Kiev
- Cover of folio edition, 1979
- Designers: Joseph Angiolillo
- Illustrators: Redmond A. Simonsen
- Publishers: Simulations Publications Inc.
- Publication: 1979
- Genres: World War II

= Kiev: The Battle of Encirclement, 1941 =

1979 WWII board wargame

Kiev: The Encirclement, 1941 is a board wargame published by Simulations Publications, Inc. (SPI) in 1979 that simulates the Battle of Kiev during World War II. The game originally appeared in the "quadrigame" collection Four Battles of Army Group South, but was also released as an individual "folio game."

==Background==
In June 1941, Germany unexpectedly launched Operation Barbarossa, a surprise attack against the Soviet Union. In Ukraine, the German Army Group South overwhelmed the Soviet Southwestern Front and quickly threatened to encircle it.

==Description==
Kiev is a two-player wargame in which one player controls German forces while the other player controls Soviet forces.

===Components===
Kiev includes:
- a 22" x 17" paper hex grid map
- 200 double-sided die-cut counters
- two copies of the 8-page rulebook "Rules common to all four games in the Army Group South box"
- a 4-page rulebook with rules unique to Kiev
- a booklet of historical background

===Gameplay===
The rules system is based on the Eastern Front wargame Panzergruppe Guderian published by SPI in 1976. This uses an alternating system of player turns in which the Soviet player moves their units first, then conducts attacks. The German player moves, attacks, then moves their mechanized forces a second time. During either movement phase the German player may conduct overruns (attacks at half strength, using only units which began the turn in the same hex.)

==Publication history==
In 1975, SPI published Blue & Gray, their first "quadrigame" — a game box containing four thematically-linked wargames that uses the same basic set of rules. The new game immediately rose to #1 on SPI's Top Ten Bestseller list the month it was released. Over the next four years, SPI published 15 more quadrigames, the final one being Army Group South, released in 1979 with graphic design by Redmond A. Simonsen. The game garnered a fair amount of attention, and appeared on SPI's Top Ten Bestseller List for eight months. One of the games in Army Group South was Kiev, designed by Joseph Angiolillo, which was also released as an individual game packaged in a cardstock folio.
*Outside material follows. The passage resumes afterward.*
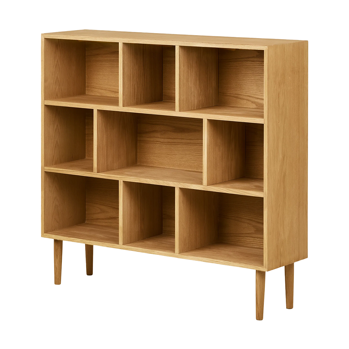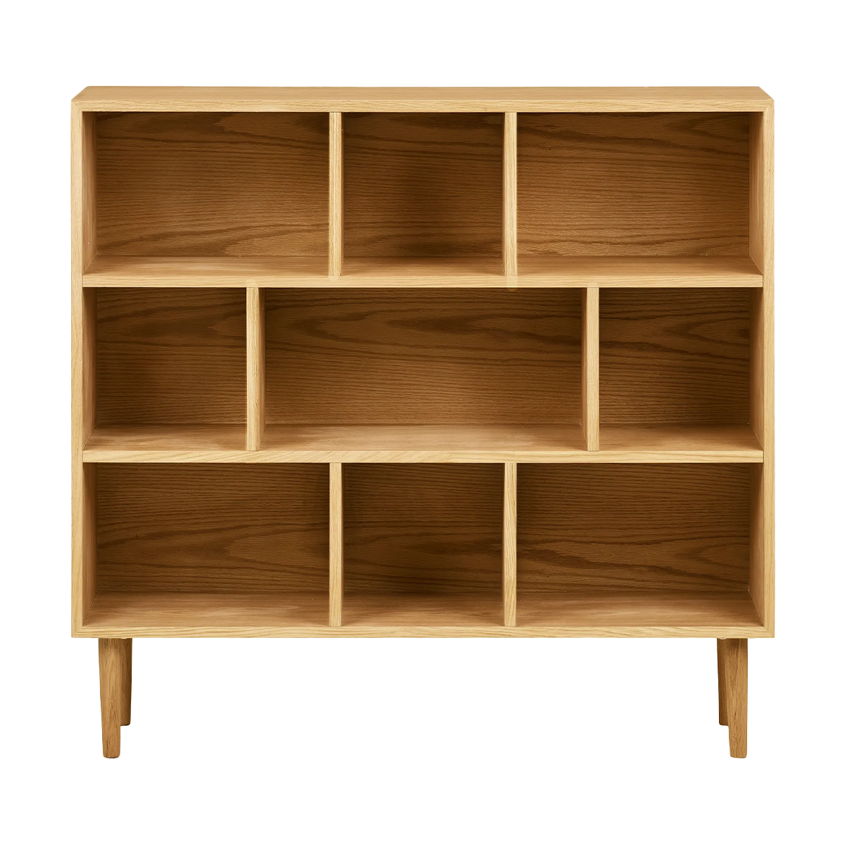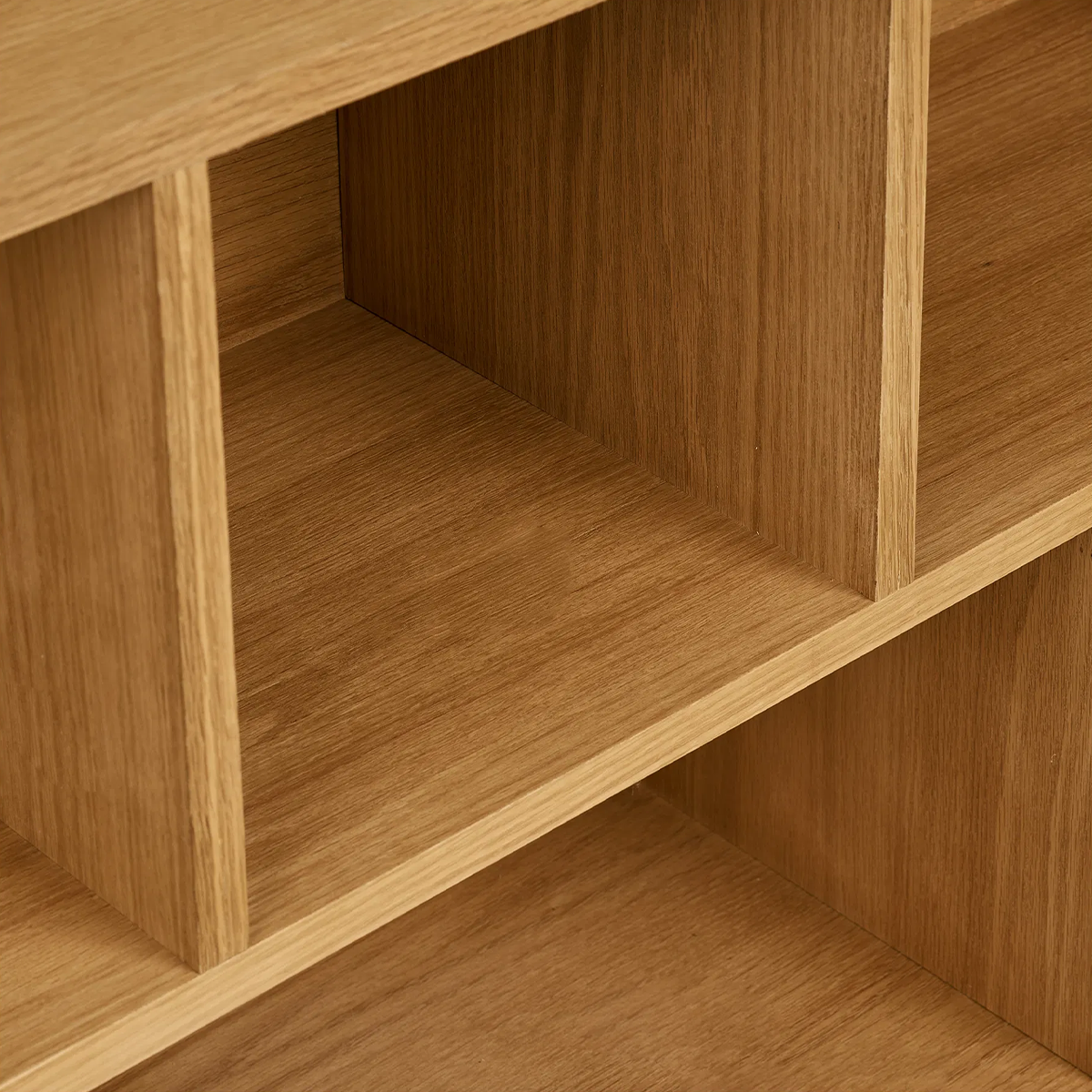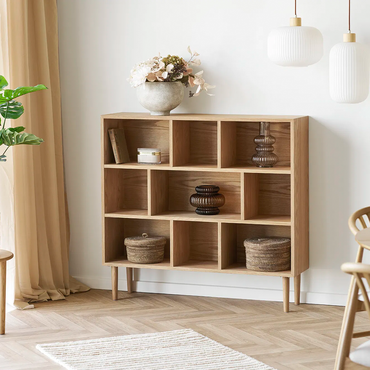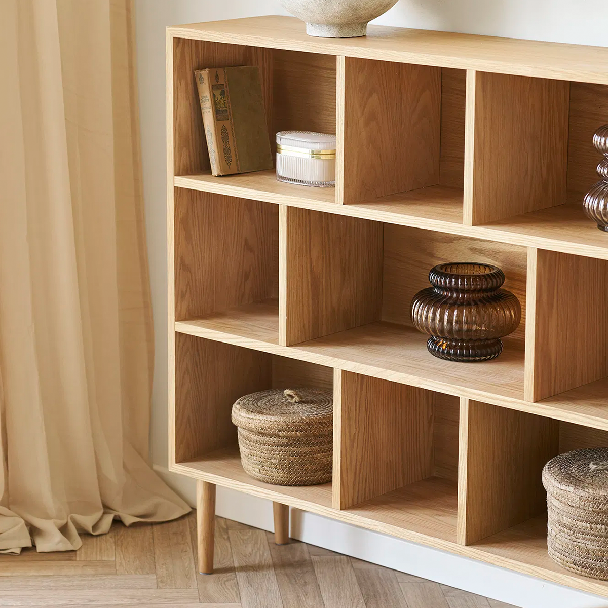De kast is gemaakt van naturel eikenhout en valt op door de 9 open vakken in verschillende groottes. Dat geeft niet alleen een levendig effect, maar maakt het ook extra leuk om je favoriete boeken, planten en decoratie af te wisselen.

In 1997, Decision Games republished Kiev packaged with another game from the Army Group South box titled Kiev & Rostov: Battles of Army Group South, 1941 as a free pull-out game in Issue 188 of Strategy & Tactics. In 2002, Kiev was republished as a Japanese version by Sunset Games (サンセットゲ) .

==Reception==
In Issue 23 of the British wargaming magazine Phoenix, Paul King liked the game but found it too constrained by the small map, writing, "What I would like to see is a bigger game." King called Kiev "A pleasant game, and a good introduction to the game system ... Perhaps the only criticism of Kiev is the map — everything is a shade of blue and concentrating on it for a long time is the best way to a headache."

Steve List wrote in Issue 50 of Moves that the game was "not in the least outstanding, and what merit [it has] is detracted from by the lousy production job. The artwork is fine, but the rules stink; both general and exclusive rules have too many nontrivial errors to be acceptable." List concluded by giving Kiev a grade of C, noting, "The general result is to allow the Germans to bag an enormous enemy force as they did historically."